Having signed myself up to research that rather nebulous designation of human communal organization, the family, I found myself overwhelmed. Had I the temerity to venture within the dusty confines of my MEH textbook, a veritable deluge of facts would have rained down upon my person and flattened my frontal lobe. Thus, I was compelled to continue and complete my investigation on youtube. After much time spent researching (that is, watching Soulja Boy music videos with a mixture of amusement and awed horror), I came upon the introduction for a television show that occurred early in American broadcasting history, "Father Knows Best."

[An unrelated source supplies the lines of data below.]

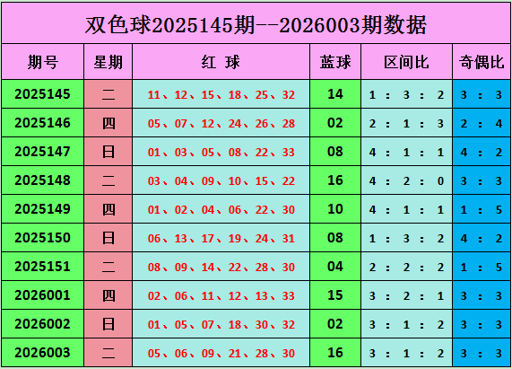 双色球第2026003期开奖:本期开奖号:05 06 09 21 28 30。蓝球:16,奇偶比为3:3。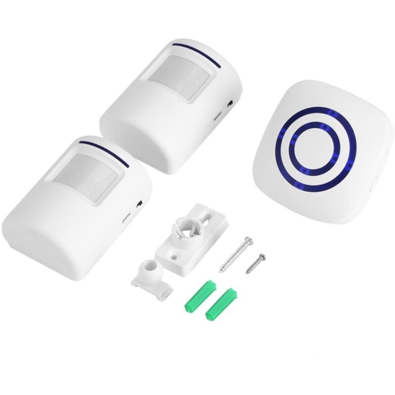 Sonnette sans Fil Detecteur de Mouvement Carillon De Porte Eléctrique 36 Mélodies Alarme De Sécurité avec Emetteur et Récepteur pour Maison Bureau Hôtel Boutique Magasin(1+2 EU)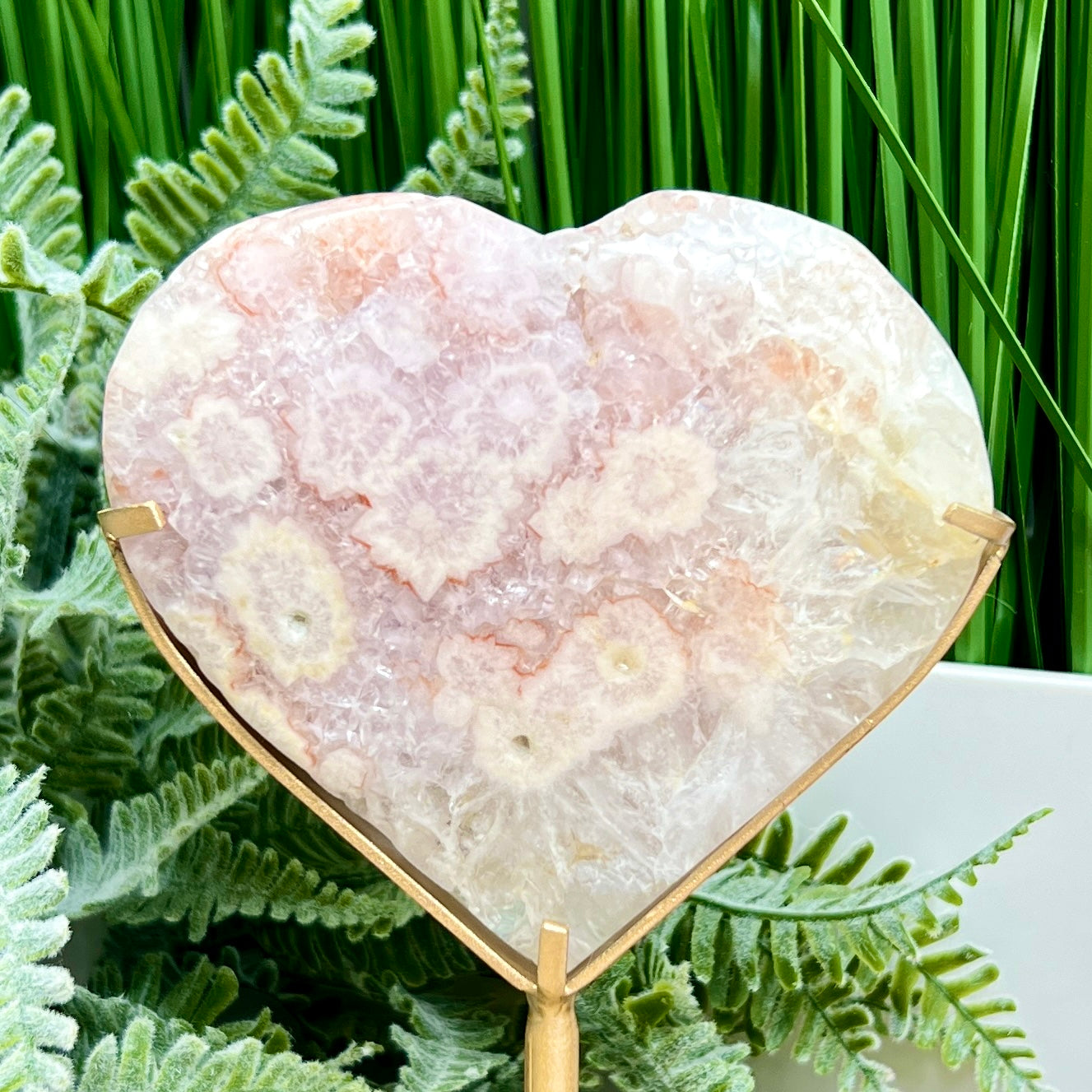 Pink Amethyst Flower Agate Quartz Heart with Stand Healing Crystal Carving 314g

What has this to do with late 16th century Protestant Germany, the prospect of receiving which information you so titillatingly promised in your title, you ask of me (and in a rather stilted fashion, I might add). Well, if you hadn't realized this most obvious fact already, "Father Knows Best" was the case at that time, in that place, for those people. Though Luther believed in spiritual equality between the sexes, such was not so where politics and economics were involved. He considered women to be wanton harlots whose shortcomings could only be remedied by the "governance of a godly husband" (Coffin 488). Protestants also elevated the family, as well as the married couple to a position almost of godliness and holiness, and it was up to the father to make sure his little ones were well aware of the who-what and what-now of the finer points of religion. In short, it probably wouldn't have been that fun to be alive in late 16th century Protestant Germany.